The report also found that LGBTQ women face more attacks on their personal appearance, at 40.8 percent, versus their gay and bisexual male counterparts, at 27.8 percent. More LGBTQ women candidates were also more likely to face attacks on their personal appearance “at least weekly,” at 10.9 percent, versus gay and bisexual men at 4.9 percent.

Annise Parker, president and CEO of the LGBTQ+ Victory Institute, said in a statement on the report that it is “clear” that the data shows that in comparison “to LGBTQ+ men candidates, LGBTQ+ women candidates are more likely to be discouraged from running for office based on their gender, are more likely to be attacked for their appearance and face greater media bias.”

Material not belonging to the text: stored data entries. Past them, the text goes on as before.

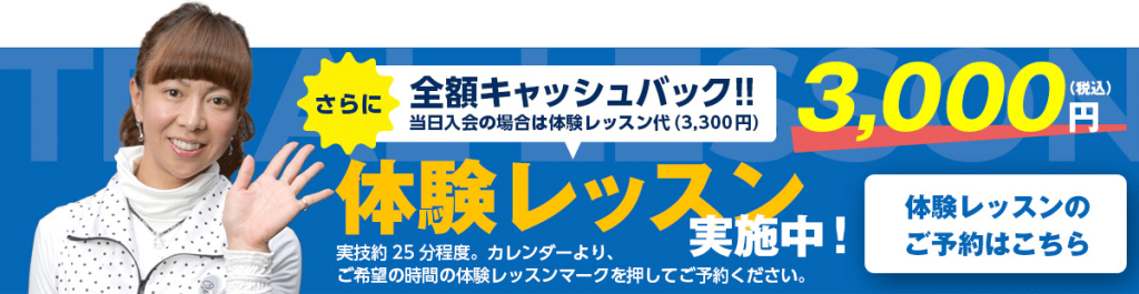 | 体験レッスン | 体験レッスン付きゴルフ力診断60分で3,300円(税込) |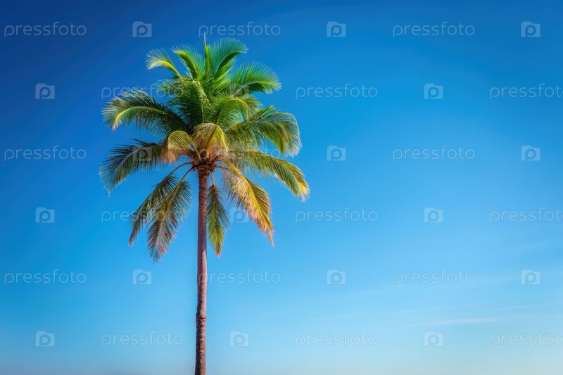 Одно пальмовое дерево стоит высоко на ясном голубом небе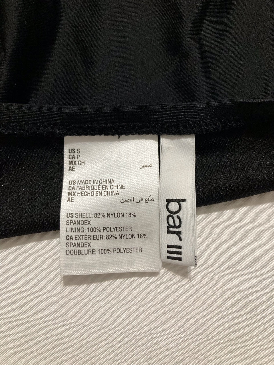 The product is a pair of Bar III Natural Beauty V-Waist High Leg Black Bikini Bottoms in size Small. Made of nylon material, these bikini bottoms feature a classic black color and a v-waist design. Ideal for women looking for a stylish and comfortable swimwear option, these bottoms can be hand washed for maintenance. Perfect for a day at the beach or pool, these bikini bottoms from Bar III offer a flattering and trendy silhouette.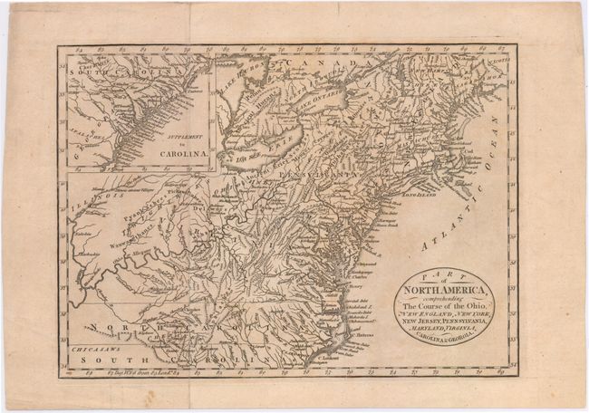 A finely engraved map based on the larger map by Didier Robert de Vaugondy (McCorkle 755.37). The map is filled with detail of early settlements, Indian villages, and topography. The colonies extend to the Illinois and Mississippi Rivers, with North Carolina shown in an unusual, skinny configuration. The top left of the map is filed with the inset "Supplement to Carolina" which extends the map through South Carolina and part of Georgia on the same scale. With an oval title cartouche at lower right in the Atlantic. This is a later edition of the map with Cary's name and imprint removed. Earlier, it appeared in Seally's 1782 Dictionary, in Michael Adam's New Royal Geographical Magazine, and in his 1794 New Royal System of Universal Geography.

“Despite the obstacles, LGBTQ+ women must continue to claim their seat at the table by running for office,” Parker said. “It’s on all of us to help level the playing field for LGBTQ+ women candidates by recruiting and supporting them, calling out media bias and holding bigots accountable.”

In the 2022 midterms, a record 340 openly LGBTQ candidates ran and won their elections in a so-called rainbow wave, with candidates such as current Massachusetts Gov. Maura Healey (D), who became the nation’s first openly lesbian governor, notching wins.

The data from the report comes from an earlier survey by the LGBTQ+ Victory Institute and Loyola Marymount University. The survey was conducted between April 3 and May 17, 2023, with 473 American LGBTQ candidates, 147 of whom were women, who ran for office between 2018 and 2022.